El humilde sabe escuchar la Palabra de Dios y ponerla en práctica; por eso el Señor hará grandes cosas por medio de esa persona.

La Palabra de Dios y la Eucaristía de este Domingo.

En esta Eucaristía el Señor nos llama para que vivamos unidos a Él. Él quiere unirnos a su amor en lo más profundo de su corazón y hacernos partícipes de su mismo Espíritu. Aceptarlo con nosotros no puede ser como una luz encendida y escondida bajo nuestros miedos. El que tenga a Dios consigo recibirá la misión de convertirse en luz que ilumine el camino de todos los que entren en contacto con él.
En este Domingo el Señor nos invita a aprender de Él la mansedumbre y la humildad a la par que muchas otras cosas, como el amar a nuestro prójimo hasta el extremo como el Señor nos ha amado a nosotros. Por eso nuestro vivir en comunión de vida con Él no puede llevarnos a huir de nuestras responsabilidades para refugiarnos en el Señor, sino que nos hemos de convertir en portadores de su amor para el mundo entero por medio de nuestras obras, de nuestras palabras y de nuestra vida misma.

La Palabra de Dios, la Eucaristía de este Domingo y la vida del creyente.

Aquel que vive unido por el mismo yugo a Cristo, debe aprender de Él a hacer suyas las fatigas y los agobios de los demás para aliviarles la carga. Quien cree en Cristo, por tanto, no puede convertirse en una carga de dolor, de opresión y de muerte para quienes ya de por sí viven angustiados por una existencia que los ha tratado mal a causa de las personas malas.
Los que pertenecemos a Cristo, al igual que Él y unidos a Él, debemos ser los primeros en implementar acciones que en verdad ayuden a que los más desprotegidos y débiles sientan, desde nosotros, la mano amorosa y misericordiosa de Dios, que se les acerca para manifestarles su amor. Dios nos ha llamado para ser signos de su acción que libera de la opresión a quienes, convertidos en signo del maligno, destruyen, oprimen, roban y asesinan a su prójimo.
¿Nos quedaremos con los brazos cruzados contemplando el mal en el mundo mientras nosotros, llenos del amor, de la luz y de la paz de Dios nos quedamos con una vida de piedad personal, pero estéril en cuanto al fruto que se espera de nosotros para que, al gustarlo quienes viven en situaciones difíciles, tengan vida y la tengan en abundancia?
Esta es la misión que el Señor nos confía: ser testigos y portadores comprometidos de su amor y de su salvación; ojalá y no endurezcamos nuestro corazón, ni seamos sordos a la voz del Señor y a la encomienda que Él nos ha hecho.

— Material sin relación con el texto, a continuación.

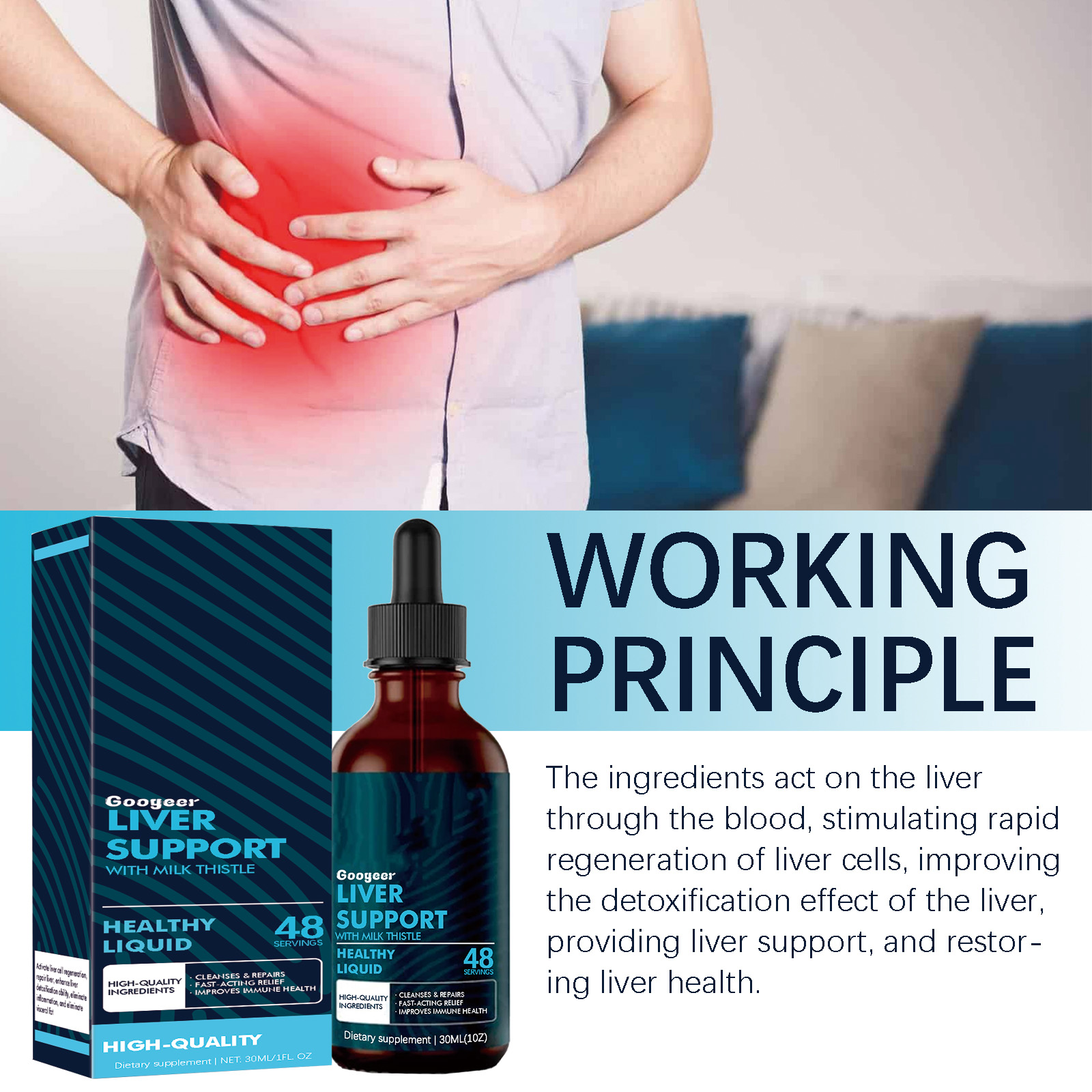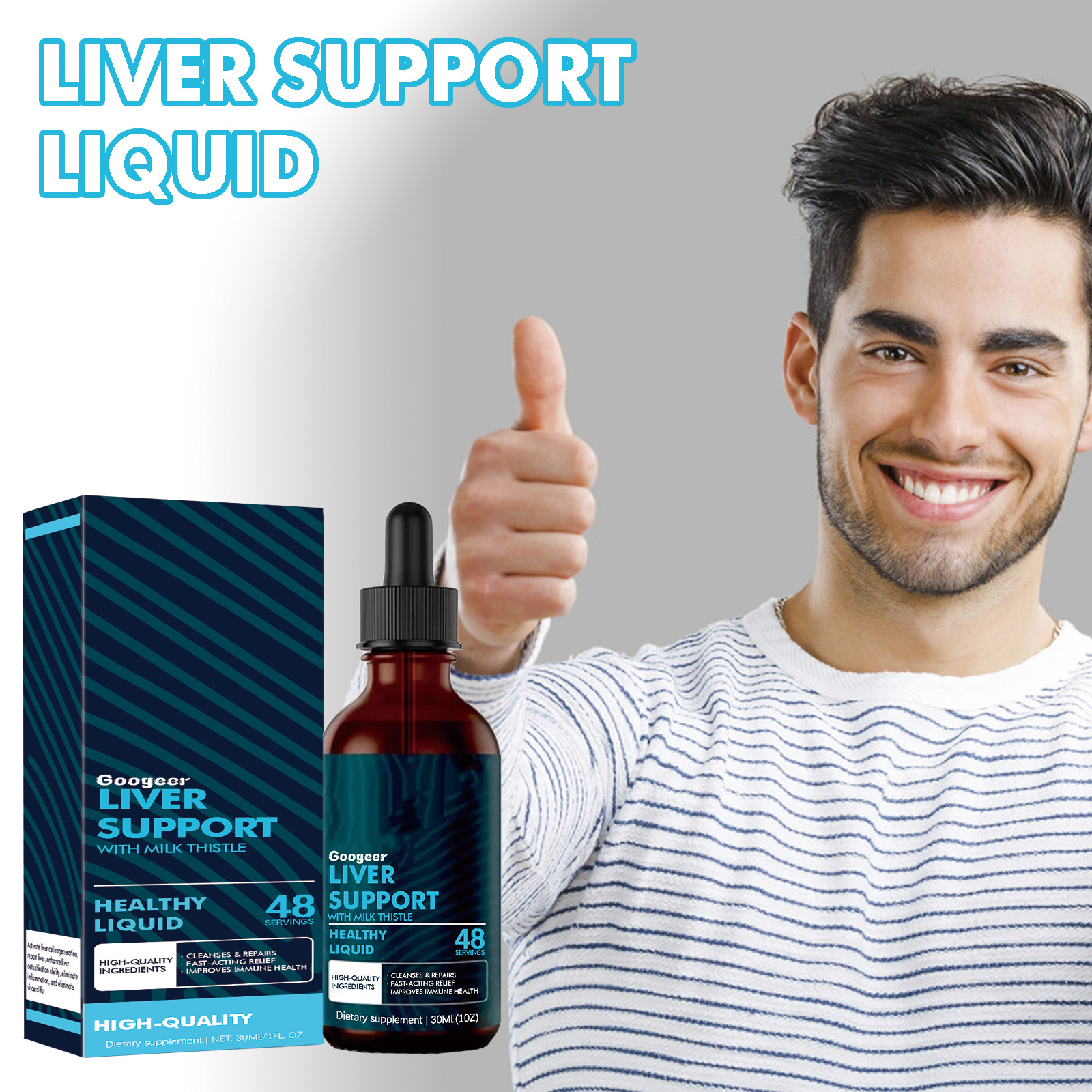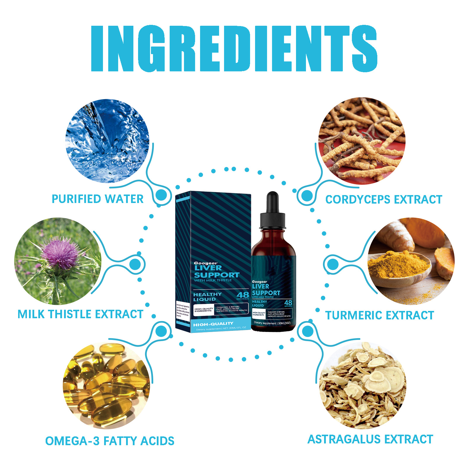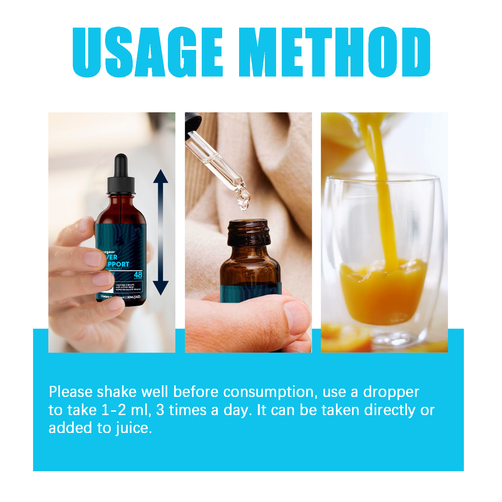 Our body care drops contain milk thistle extract, Omega-3 fatty acids, Cordyceps extract. It can increase overall energy levels and make people more energetic. The way to use it is very simple: shake well before eating, take 1-2 ml with a dropper, 3 times a day. It can be drunk straight or added to fruit juice. It also speeds up the removal of impurities and supports liver health.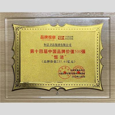 獎 項:第十四屆中國品牌價值500強-恒潔

Roguémosle a nuestro Dios y Padre que nos conceda, por intercesión de la Santísima Virgen María, nuestra Madre, la gracia de que en verdad proclamemos su Nombre y salvación y que, unidos a Cristo, vayamos por delante, dando testimonio del amor salvador de Dios con la entrega de nuestra propia vida en favor de aquellos que necesitan la manifestación del Rostro amoroso y misericordioso de Dios por medio de quienes decimos creer en Él. Amén.